Pictures within the data are to be left out; everything else must be reproduced exactly.

** DATA **
____

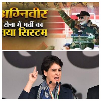 प्रियंका गांधी ने अग्निपथ के लिए किया ट्विट-“ ऐसा लग रहा है “नो रैंक, नो पेंशन” की स्कीम लागू की है”
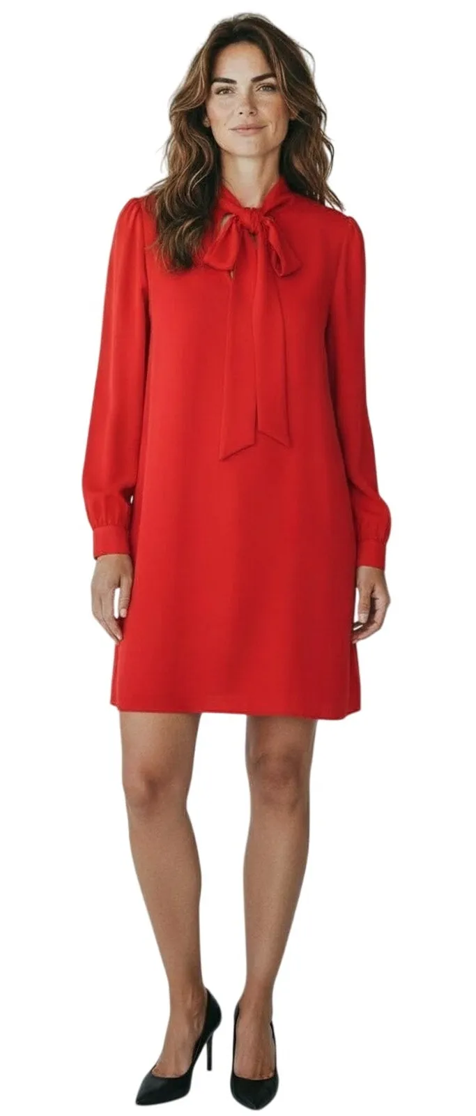 JILL Jill Stuart Women’s Red Bow Tie Long Sleeve Mini Dress Butt cuffs Scoop front neckline Back z... Show more
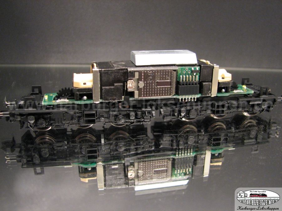 Eine Möglichkeit, der Lok mehr Gewicht zu geben liegt m.E. in den Drehgestellen: Hier ist sehr viel Hohlraum vorhanden, den man in mühseliger Kleinarbeit mit Gewichten auffüllen könnte. Da sind sicher einige Gramm zu verstecken.

____

** SOLUTION FOR THIS TASK **
 प्रियंका गांधी ने अग्निपथ के लिए किया ट्विट-“ ऐसा लग रहा है “नो रैंक, नो पेंशन” की स्कीम लागू की है”
 JILL Jill Stuart Women’s Red Bow Tie Long Sleeve Mini Dress Butt cuffs Scoop front neckline Back z... Show more
 Eine Möglichkeit, der Lok mehr Gewicht zu geben liegt m.E. in den Drehgestellen: Hier ist sehr viel Hohlraum vorhanden, den man in mühseliger Kleinarbeit mit Gewichten auffüllen könnte. Da sind sicher einige Gramm zu verstecken.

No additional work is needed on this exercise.